**BRIEF**
Could you give back every record below exactly, leaving out the pictures?

**DATA FOR THIS TASK**
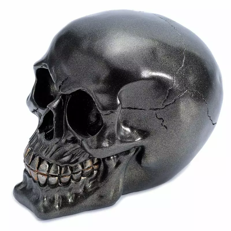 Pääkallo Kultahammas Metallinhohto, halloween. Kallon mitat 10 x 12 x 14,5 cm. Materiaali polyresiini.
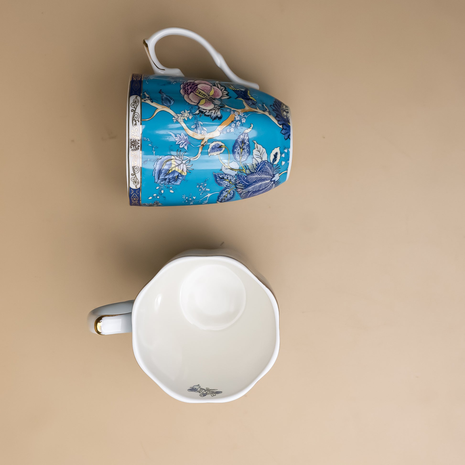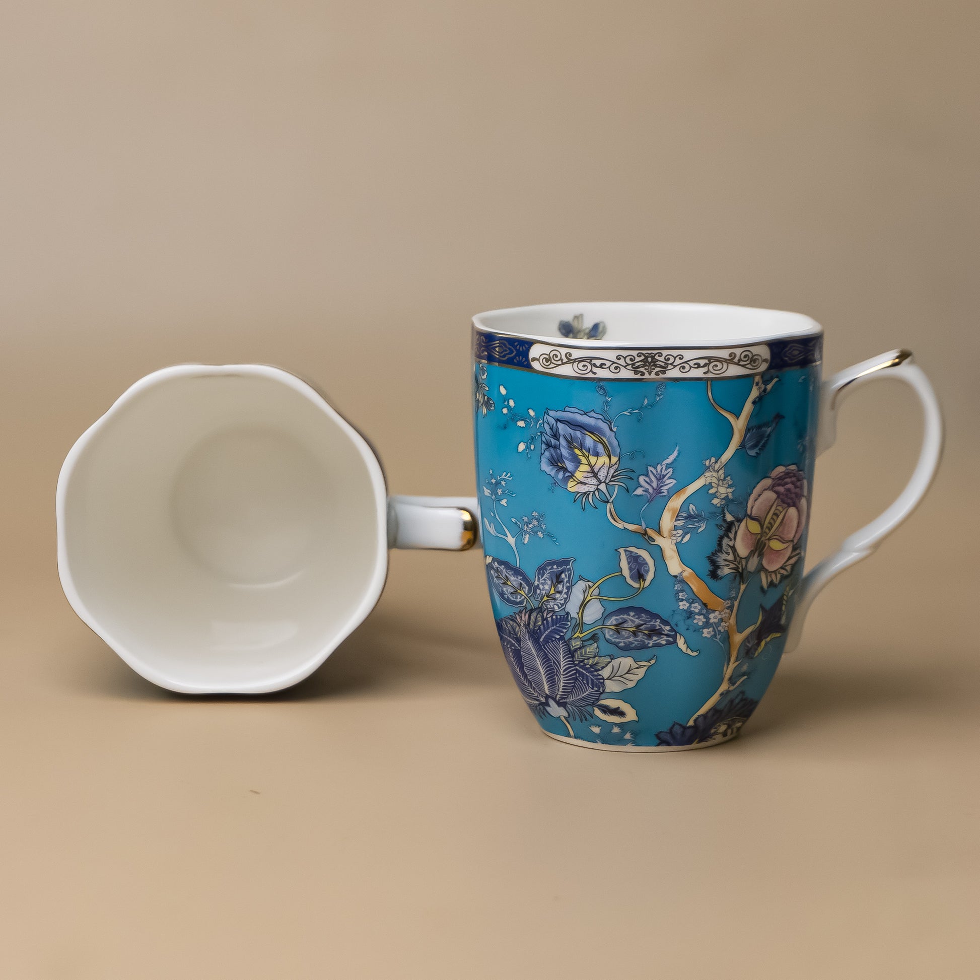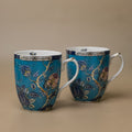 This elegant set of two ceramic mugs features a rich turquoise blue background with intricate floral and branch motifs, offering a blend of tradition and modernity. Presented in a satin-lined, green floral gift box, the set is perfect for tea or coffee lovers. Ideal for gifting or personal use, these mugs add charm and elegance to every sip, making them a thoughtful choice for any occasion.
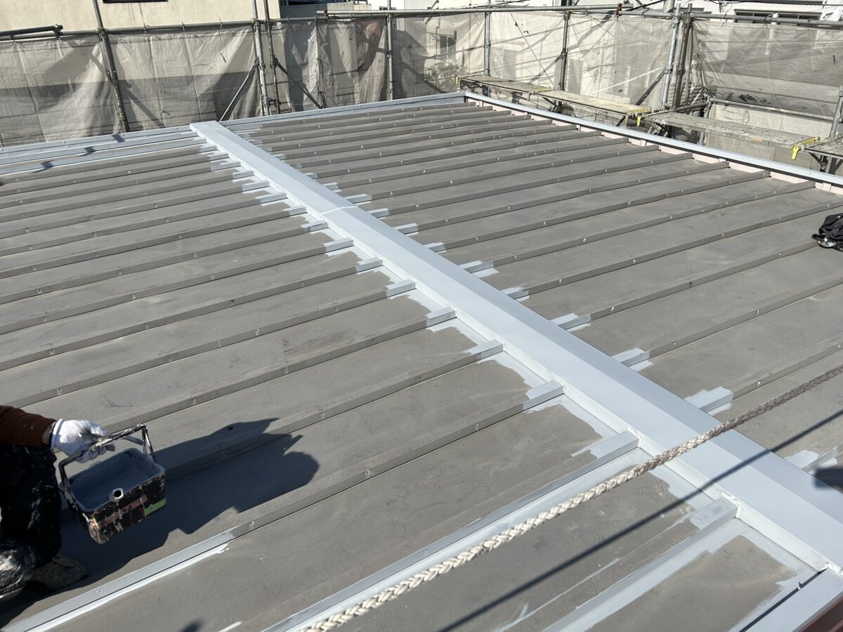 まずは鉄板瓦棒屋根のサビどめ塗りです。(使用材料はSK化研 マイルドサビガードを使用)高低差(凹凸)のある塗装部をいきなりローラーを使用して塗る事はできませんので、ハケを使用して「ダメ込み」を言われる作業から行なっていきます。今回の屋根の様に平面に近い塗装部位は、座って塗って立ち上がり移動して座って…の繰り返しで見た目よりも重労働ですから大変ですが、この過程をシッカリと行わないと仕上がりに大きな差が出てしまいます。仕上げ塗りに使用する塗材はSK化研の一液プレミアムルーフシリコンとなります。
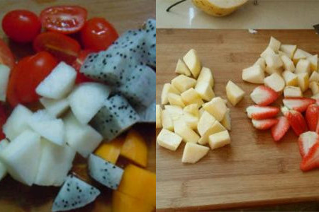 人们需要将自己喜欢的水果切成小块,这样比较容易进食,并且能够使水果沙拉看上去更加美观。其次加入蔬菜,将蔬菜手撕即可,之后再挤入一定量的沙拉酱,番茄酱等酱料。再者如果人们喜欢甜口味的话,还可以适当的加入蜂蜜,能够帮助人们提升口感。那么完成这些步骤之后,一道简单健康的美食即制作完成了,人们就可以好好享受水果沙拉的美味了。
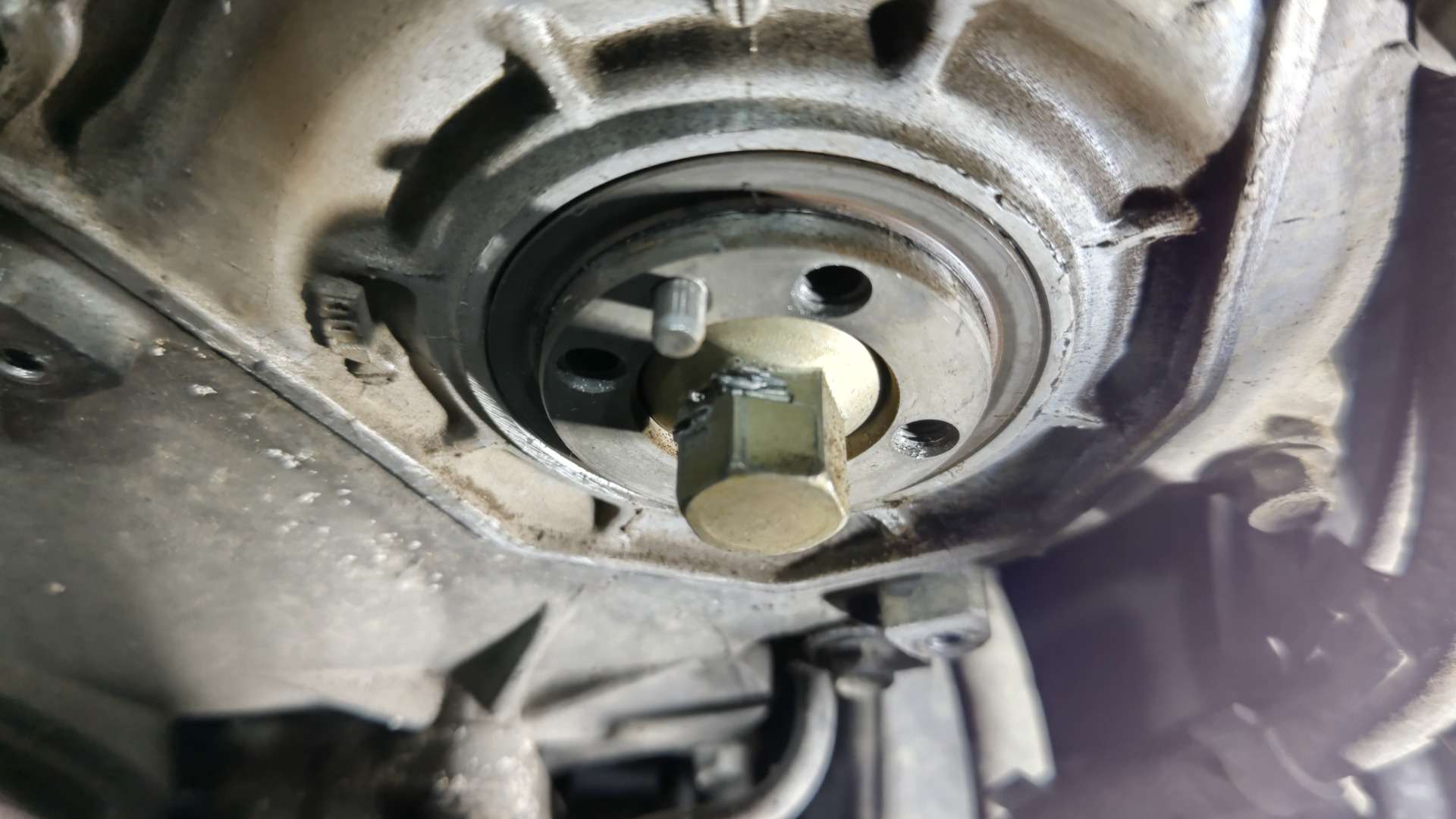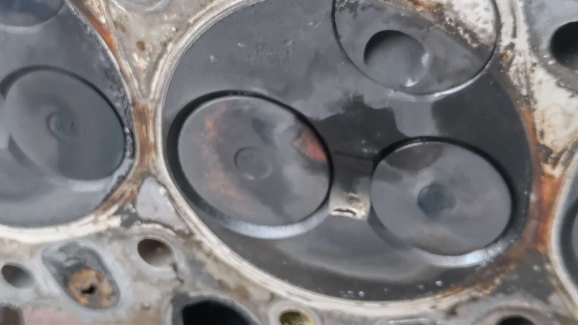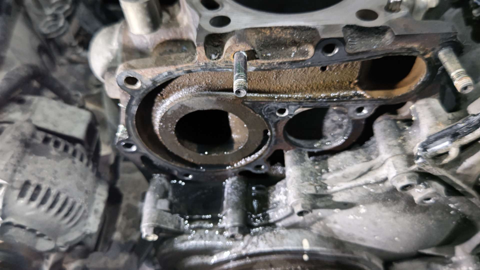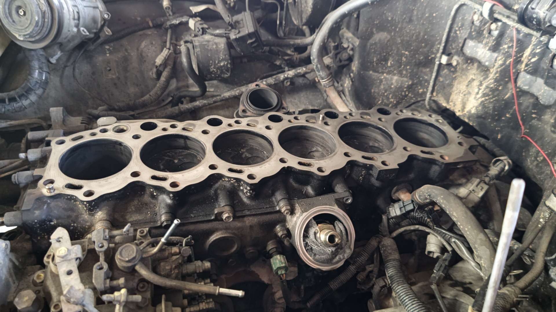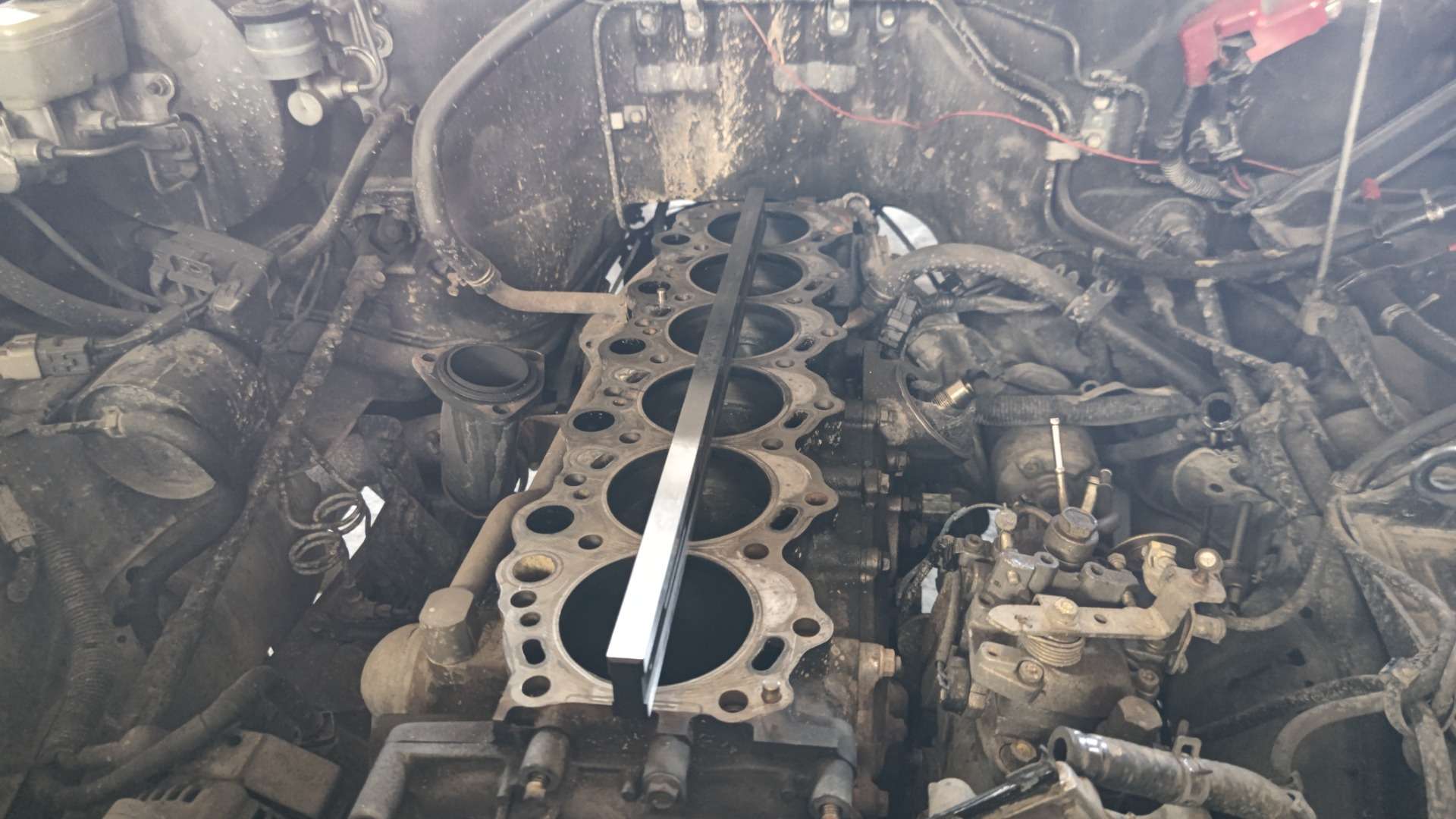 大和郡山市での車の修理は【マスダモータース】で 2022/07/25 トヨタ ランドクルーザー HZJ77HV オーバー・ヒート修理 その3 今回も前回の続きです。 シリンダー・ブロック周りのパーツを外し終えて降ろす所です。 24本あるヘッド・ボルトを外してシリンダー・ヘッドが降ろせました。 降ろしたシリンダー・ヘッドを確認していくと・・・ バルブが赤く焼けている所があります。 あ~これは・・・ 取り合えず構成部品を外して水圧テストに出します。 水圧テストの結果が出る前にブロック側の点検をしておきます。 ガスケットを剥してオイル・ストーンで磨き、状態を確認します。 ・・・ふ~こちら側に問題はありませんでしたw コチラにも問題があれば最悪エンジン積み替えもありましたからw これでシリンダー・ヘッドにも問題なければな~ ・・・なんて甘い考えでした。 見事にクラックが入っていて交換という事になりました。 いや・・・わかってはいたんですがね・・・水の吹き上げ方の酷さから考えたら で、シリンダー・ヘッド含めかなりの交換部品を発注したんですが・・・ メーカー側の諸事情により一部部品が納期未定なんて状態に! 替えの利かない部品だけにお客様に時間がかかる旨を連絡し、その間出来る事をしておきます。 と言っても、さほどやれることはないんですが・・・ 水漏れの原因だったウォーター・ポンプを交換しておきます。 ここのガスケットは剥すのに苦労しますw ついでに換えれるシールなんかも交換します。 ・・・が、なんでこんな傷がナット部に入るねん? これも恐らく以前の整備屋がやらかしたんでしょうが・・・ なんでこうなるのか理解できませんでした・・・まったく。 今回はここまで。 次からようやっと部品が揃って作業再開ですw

**EXERCISE ANSWER**
 Pääkallo Kultahammas Metallinhohto, halloween. Kallon mitat 10 x 12 x 14,5 cm. Materiaali polyresiini.
 This elegant set of two ceramic mugs features a rich turquoise blue background with intricate floral and branch motifs, offering a blend of tradition and modernity. Presented in a satin-lined, green floral gift box, the set is perfect for tea or coffee lovers. Ideal for gifting or personal use, these mugs add charm and elegance to every sip, making them a thoughtful choice for any occasion.
 まずは鉄板瓦棒屋根のサビどめ塗りです。(使用材料はSK化研 マイルドサビガードを使用)高低差(凹凸)のある塗装部をいきなりローラーを使用して塗る事はできませんので、ハケを使用して「ダメ込み」を言われる作業から行なっていきます。今回の屋根の様に平面に近い塗装部位は、座って塗って立ち上がり移動して座って…の繰り返しで見た目よりも重労働ですから大変ですが、この過程をシッカリと行わないと仕上がりに大きな差が出てしまいます。仕上げ塗りに使用する塗材はSK化研の一液プレミアムルーフシリコンとなります。
 人们需要将自己喜欢的水果切成小块,这样比较容易进食,并且能够使水果沙拉看上去更加美观。其次加入蔬菜,将蔬菜手撕即可,之后再挤入一定量的沙拉酱,番茄酱等酱料。再者如果人们喜欢甜口味的话,还可以适当的加入蜂蜜,能够帮助人们提升口感。那么完成这些步骤之后,一道简单健康的美食即制作完成了,人们就可以好好享受水果沙拉的美味了。
 大和郡山市での車の修理は【マスダモータース】で 2022/07/25 トヨタ ランドクルーザー HZJ77HV オーバー・ヒート修理 その3 今回も前回の続きです。 シリンダー・ブロック周りのパーツを外し終えて降ろす所です。 24本あるヘッド・ボルトを外してシリンダー・ヘッドが降ろせました。 降ろしたシリンダー・ヘッドを確認していくと・・・ バルブが赤く焼けている所があります。 あ~これは・・・ 取り合えず構成部品を外して水圧テストに出します。 水圧テストの結果が出る前にブロック側の点検をしておきます。 ガスケットを剥してオイル・ストーンで磨き、状態を確認します。 ・・・ふ~こちら側に問題はありませんでしたw コチラにも問題があれば最悪エンジン積み替えもありましたからw これでシリンダー・ヘッドにも問題なければな~ ・・・なんて甘い考えでした。 見事にクラックが入っていて交換という事になりました。 いや・・・わかってはいたんですがね・・・水の吹き上げ方の酷さから考えたら で、シリンダー・ヘッド含めかなりの交換部品を発注したんですが・・・ メーカー側の諸事情により一部部品が納期未定なんて状態に! 替えの利かない部品だけにお客様に時間がかかる旨を連絡し、その間出来る事をしておきます。 と言っても、さほどやれることはないんですが・・・ 水漏れの原因だったウォーター・ポンプを交換しておきます。 ここのガスケットは剥すのに苦労しますw ついでに換えれるシールなんかも交換します。 ・・・が、なんでこんな傷がナット部に入るねん? これも恐らく以前の整備屋がやらかしたんでしょうが・・・ なんでこうなるのか理解できませんでした・・・まったく。 今回はここまで。 次からようやっと部品が揃って作業再開ですw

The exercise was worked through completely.